World record for laser transmission through the atmosphere


Monday, 25 January, 2021


World record for laser transmission through the atmosphere

Scientists from the International Centre for Radio Astronomy Research (ICRAR) and The University of Western Australia (UWA) have set a world record for the most stable transmission of a laser signal through the atmosphere, as described in the journal Nature Communications.

Together with researchers from France’s National Centre for Space Studies (CNES) and Systèmes de Référence Temps-Espace (SYRTE) at Paris Observatory, the team set the world record by combining the Australians’ phase stabilisation technology — originally developed to synchronise incoming signals for the Square Kilometre Array telescope — with advanced, self-guiding optical terminals. Together, these technologies allowed laser signals to be sent from one point to another without interference from the atmosphere.

Lead author Benjamin Dix-Matthews, a PhD student at ICRAR and UWA, said the technique effectively eliminates atmospheric turbulence. “We can correct for atmospheric turbulence in 3D; that is, left-right, up-down and, critically, along the line of flight,” he said.

“It’s as if the moving atmosphere has been removed and doesn’t exist. It allows us to send highly stable laser signals through the atmosphere while retaining the quality of the original signal.”

The result is said to be the world’s most precise method for comparing the flow of time between two separate locations using a laser system transmitted through the atmosphere — and the research has exciting applications, according to ICRAR–UWA senior researcher Dr Sascha Schediwy.

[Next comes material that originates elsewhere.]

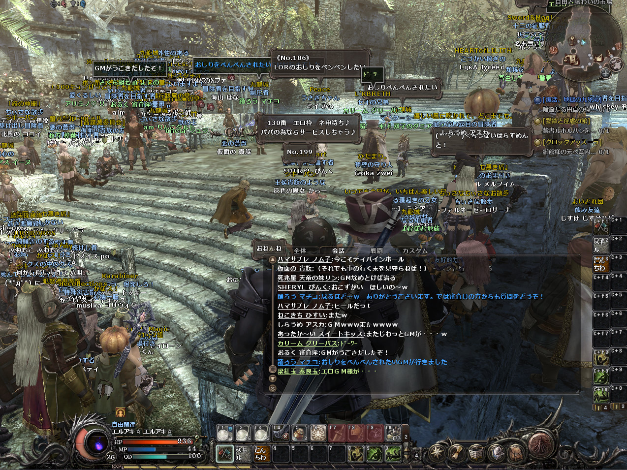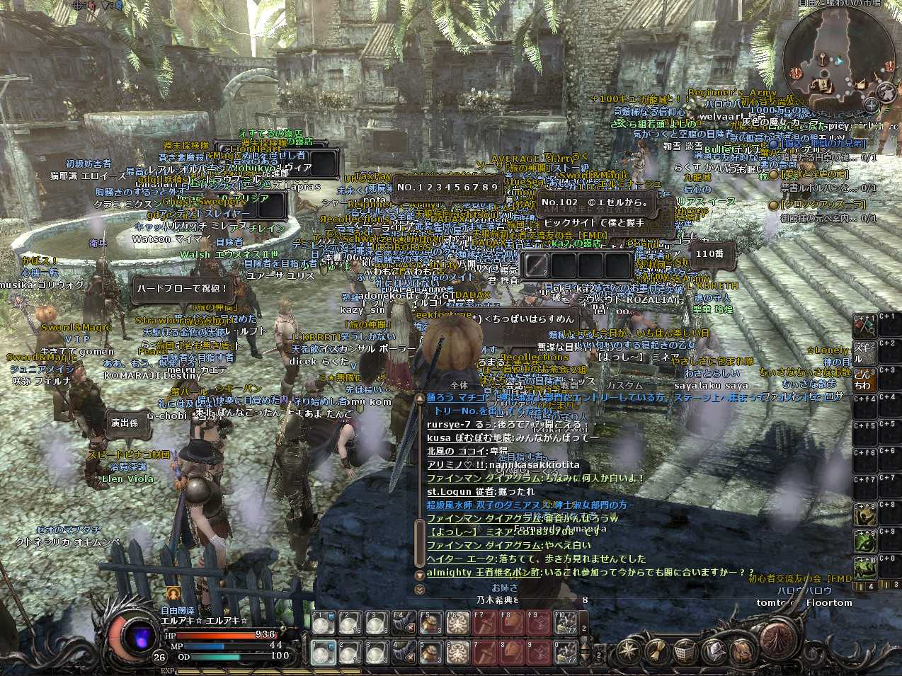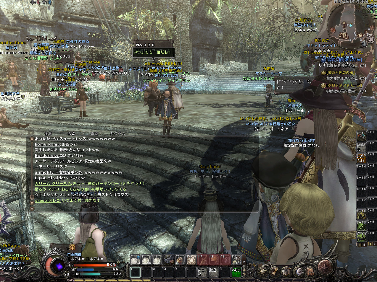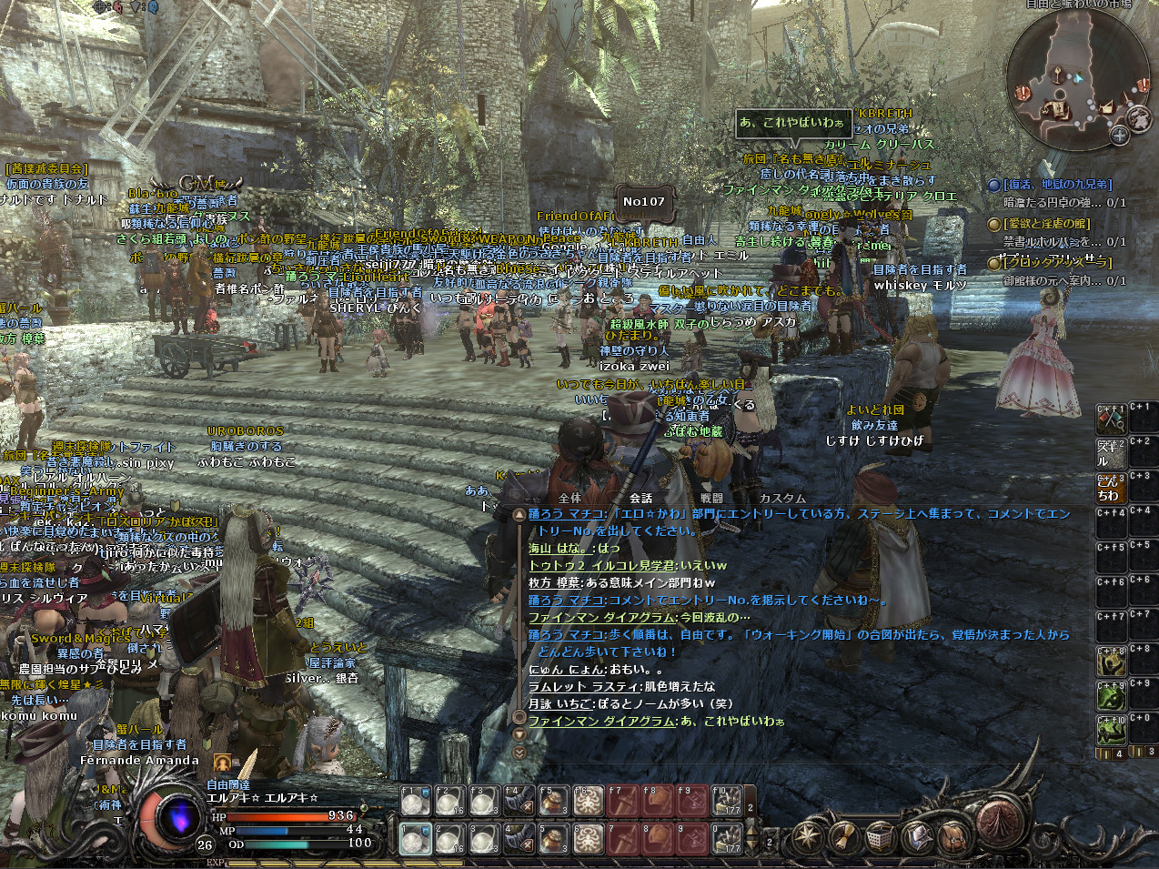 結構人が集まってイベントとしては成功でしょう。私は今年買ったばかりのパソコンなので、動きが重いということはなかったのですが、パソコンの性能がそこまで良くない人は結構重かったようです。そして、動きは大丈夫だったのですが、人が多すぎたせいか、落ちる落ちる。3回は落ちたと思います。そのたびにそこにいる人がもわもわの影に戻り、こんなかんじに

“If you have one of these optical terminals on the ground and another on a satellite in space, then you can start to explore fundamental physics,” he said.

“Everything from testing Einstein’s theory of general relativity more precisely than ever before, to discovering if fundamental physical constants change over time.”

The technology’s precise measurements also have practical uses in earth science and geophysics. “For instance,” said Dr Schediwy, “this technology could improve satellite-based studies of how the water table changes over time, or to look for ore deposits underground.”

There are further potential benefits for optical communications, an emerging field that uses light to carry information. Optical communications can securely transmit data between satellites and Earth with much higher data rates than current radio communications.

“Our technology could help us increase the data rate from satellites to ground by orders of magnitude,” Dr Schediwy said.

“The next generation of big data-gathering satellites would be able to get critical information to the ground faster.”